GM received US government approval and will be buying out retiree pensions, or converting some of them to annuities from Prudential Life.

It is ground breaking and other companies will be watching closely, as they consider outsourcing their pension commitments.

It will be a costly exercise though.

One example I read about is a 70 year old collecting 2800 per month pension. He will receive 390.000 based on 11.5 more years of life expectancy.

http://www.forbes.com/sites/joannmu...-collar-pensions-could-union-workers-be-next/

Just out of curiosity, in Canada if a person took the money and put it in a low interest bank account...............would they qualify for GIS benefits?


----------



## Daniel A. (Mar 20, 2011)

I had read the story a week or so ago, you have me a bit confused with the 70 year old. The pensioners income won't change as a result of this move from what I understand.
In the USA there are many differences in pension regulation from Canada companies in the USA can use many tax strategies that are not available in Canada.

I can understand GM/ Ford wanting to off load the liability and it can be done in the USA. In Canada once a person hits 55 in a DB pension and has ten years in such changes can't be made.


----------



## OhGreatGuru (May 24, 2009)

sags said:


> ...
> 
> Just out of curiosity, in Canada if a person took the money and put it in a low interest bank account...............would they qualify for GIS benefits?
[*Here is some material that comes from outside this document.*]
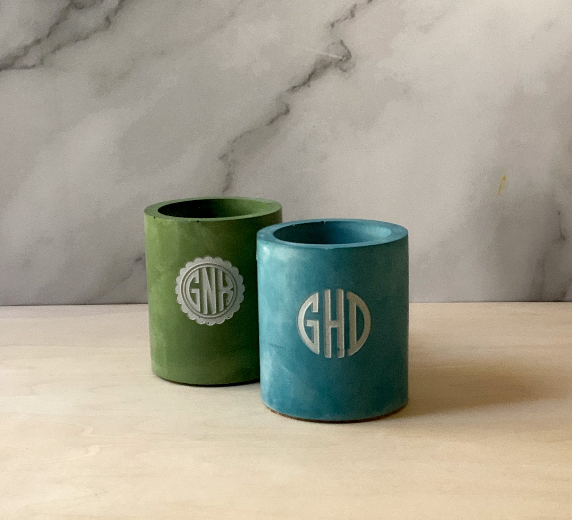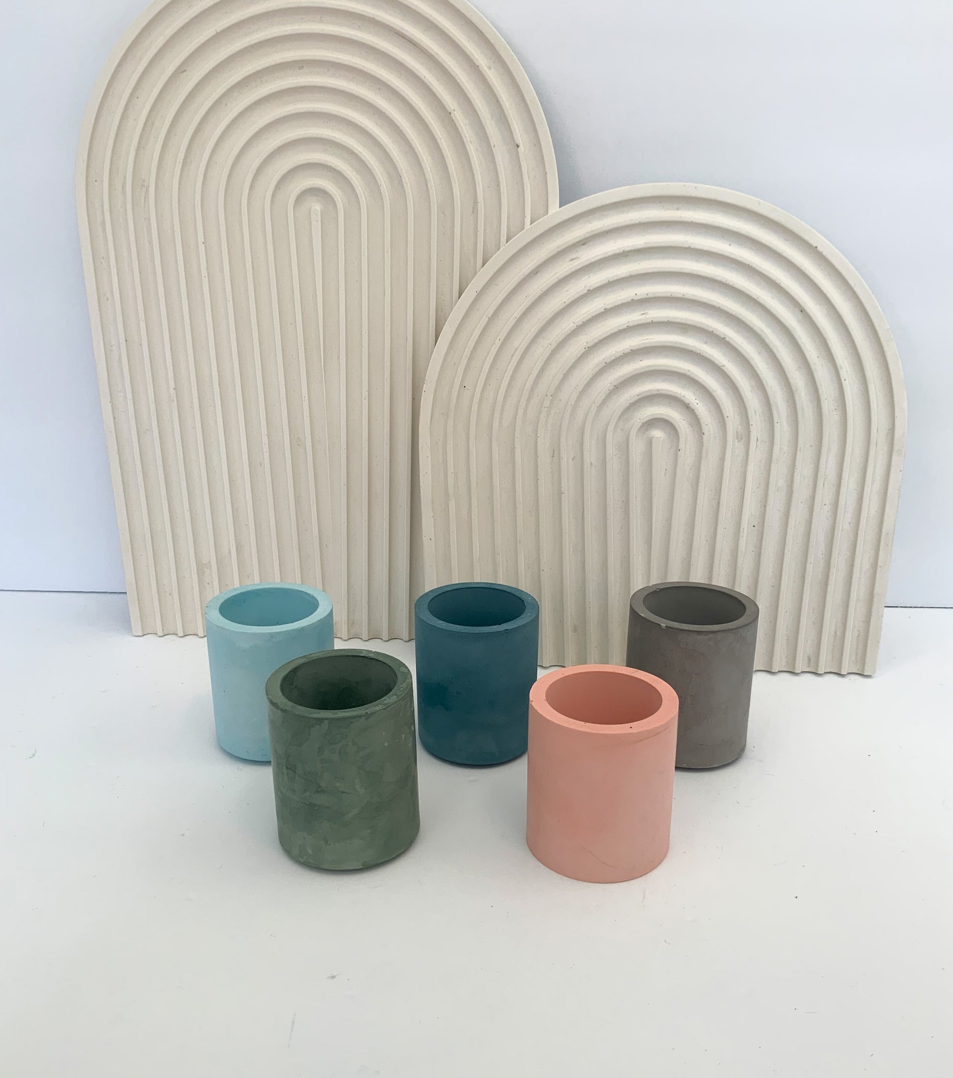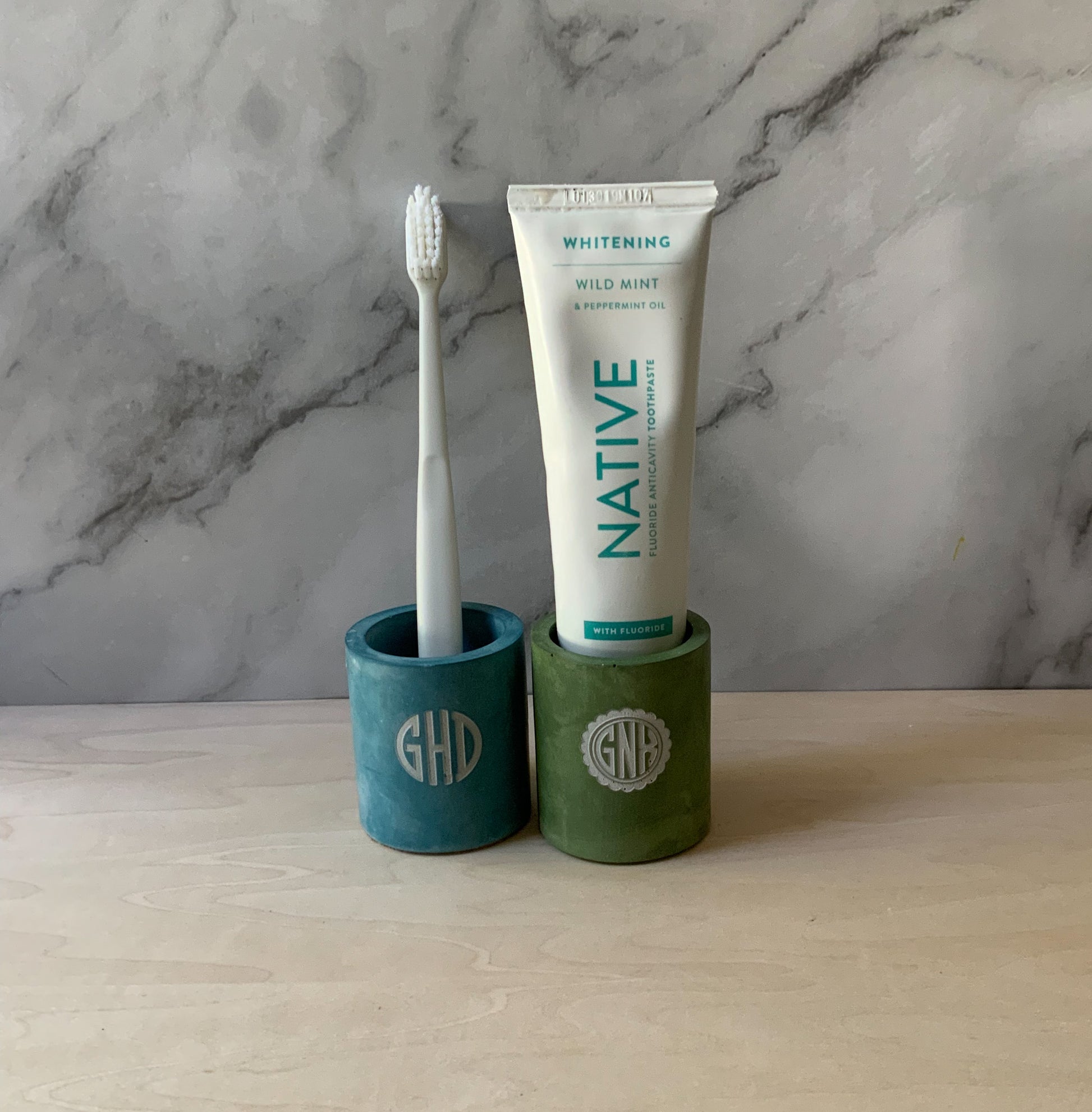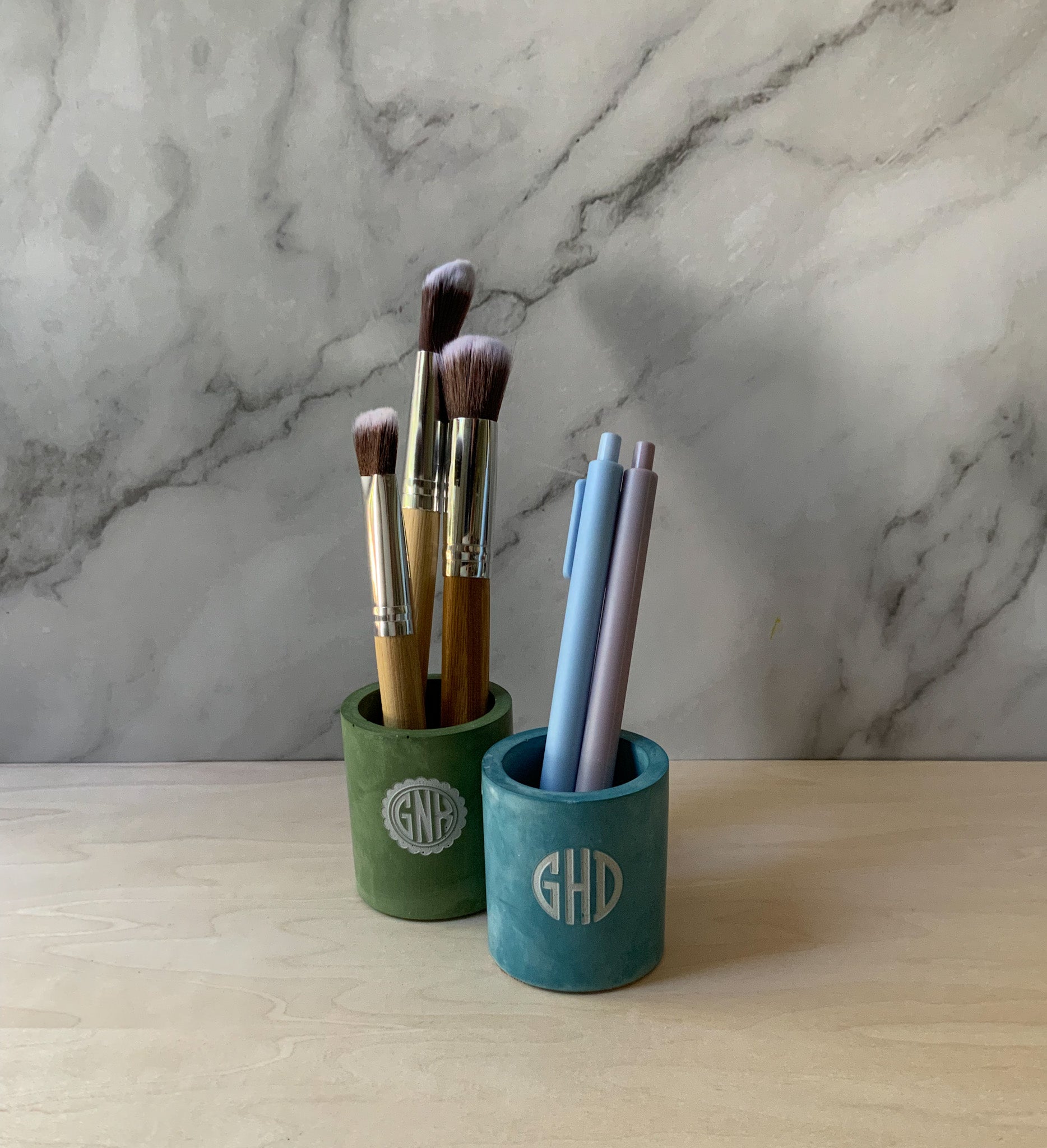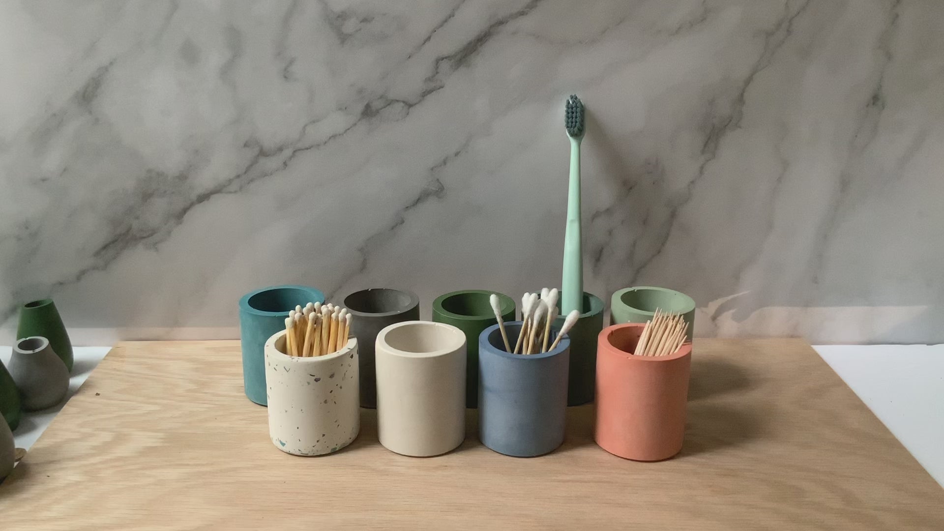 Description: This multipurpose, handmade concrete cylindrical vessel, pen pot, or storage cup can be used for toothbrushes, pens/pencils, coffee stir sticks, makeup brushes, air plants, small flowers, and much more. Pair it with our bathroom or desk accessories for a full set.

GIS eligibility is based on annual income, not assets. If the retiree is collecting CPP, OAS, and say 4% interest on $390,000 they probably would not qualify for GIS.


----------



## sags (May 15, 2010)

This is a link to the article with the 70 year old in it.

http://www.freep.com/article/201206...a-tough-call-for-General-Motors-Ford-retirees


----------



## Daniel A. (Mar 20, 2011)

OK well those kind of rules won't work in Canada, I may be wrong but read the book Pension Ponzi there it highlights many issues in the USA that companies can do.
It is sad that big companies are more than willing to try and take advantage of retiree's they hire pension fund companies to put these offers together.

The big three automotive do have many serious problems with the number of retired workers for every working person. Underfunding the pensions has lead to these kind of problems in both countries, if nothing more than confusion from someone 70 plus gets them to sign the company will be happy.


----------